Why We Can't Bank On The Past When Investing For The Future
Updated: Oct 13, 2019
Wits University recently hosted Brian Joffe, the former CEO and founder of Bidvest and now CEO and founder of Long4Life, for a conversation around the profession of chartered accountancy and entrepreneurship. Though I was supposed to be a panellist in the debate and presumably have something intelligent to add to the conversation, I spent most of the time drawing from Joffe's years of wisdom and insights. He made a number of important points about entrepreneurship and what he has learnt over the years. However, his articulation of the role of accountants and how they can better serve the world made for some scrumptious food for thought.
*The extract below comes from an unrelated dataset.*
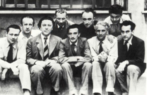 Le groupe surréaliste photographié chez Tristan Tzara vers 1930 ; on reconnait, de gauche à droite : Tristan Tzara, Paul Eluard, André Breton, Hans Arp, Salvador Dali, Yves Tanguy, Max Ernst, René Crevel et Man Ray.
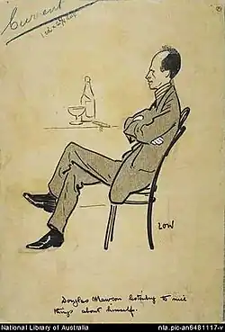 He entered the University of Sydney in March 1899,[12] aged just 16,[13] the same year as his brother.[11] Douglas enrolled in a degree in mining engineering. His studies covered a number of subjects over the three-year degree, obtaining first class honours in geology and mineralogy in his second year, and winning a prize in petrology.[14] He graduated with a Bachelor of Engineering degree in mining and metallurgy on 19 April 1902[12] with second-class honours.[15] Even before graduating, he was appointed as a junior demonstrator in chemistry, with the approval of chemistry professor Archibald Liversidge, and with geologist Edgeworth David as his referee.[12] Both men became major influences in his geological career.[3]

In a room full of accounting students and lecturers, Joffe asked: "What do you think accounting actually is? What do you think accountants actually do? You are historians. You record history. We essentially record the history of what's happened and we have the methodologies to record that history. I don't think historians equip anyone to understand what's likely to happen in the future, unless of course you believe that things just happen again and again the exact same way. I don't think the world we live in today is anything like the world we lived in before, I don't believe that the world of tomorrow will be the same as the world of today."
His line of logic got me thinking about just how much, especially in investment decisions, we analyse and reach a conclusion based on history. When you are looking to acquire a business, what do you ask for first? The previous three or five years of financial statements. When you want to invest money with a fund manager, what do you look for? The ranking and percentage returns they have delivered to clients over a period. When we want to employ someone? We ask for their CV and ask them all sorts of questions about their roles in previous jobs.
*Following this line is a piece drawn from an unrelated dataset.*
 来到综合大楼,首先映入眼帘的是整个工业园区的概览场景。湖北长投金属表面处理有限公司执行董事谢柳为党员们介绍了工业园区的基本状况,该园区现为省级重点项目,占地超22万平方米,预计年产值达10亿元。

Why are we so obsessed by past performance as an indication of future behaviour?
In his article "Making decisions based on past performance works (except when it doesn't)", Vanguard Group's Shyam Yekanath uses a powerful illustration to explain our behaviour.
"Shortly after the 2018 Winter Olympics closing ceremony, I started thinking about the 2022 Winter Olympics. Will Russia dominate figure skating? Will Norway and Germany win the most medals? My questions reflect a deep-rooted acceptance that past performance is key to forecasting future events. Drawing on past performance to make inferences about the medal count in future Olympics is a logical approach you can apply to other events too, like picking a restaurant. It's true that basing your present-day decisions on past performance works in some situations. But that doesn't make prognostication a reliable strategy for choosing your investments," says Yekanath.
"The factors that affect investment outcomes, such as market volatility, political and economic climate, and expectations around company or sector performance, are cyclical and random."
When we want to make investment decisions, we have access to all sorts of historical information such as rankings, ratings and historical returns, but, as Yekanath observes, "research shows that top-performing funds rarely make it to the medal podium twice".
The reality is that accountants will always be historians. Someone has to do it. However, with the complicated reporting standards we have, many people are able to hide many things in many places.
Perhaps it is time we simplify our financial reporting standards - if only to ensure that the historians tell the correct history. Then at least some of it can be useful for the future.
This article first appeared in the Business Times section of The Sunday Times on 29 September 2019.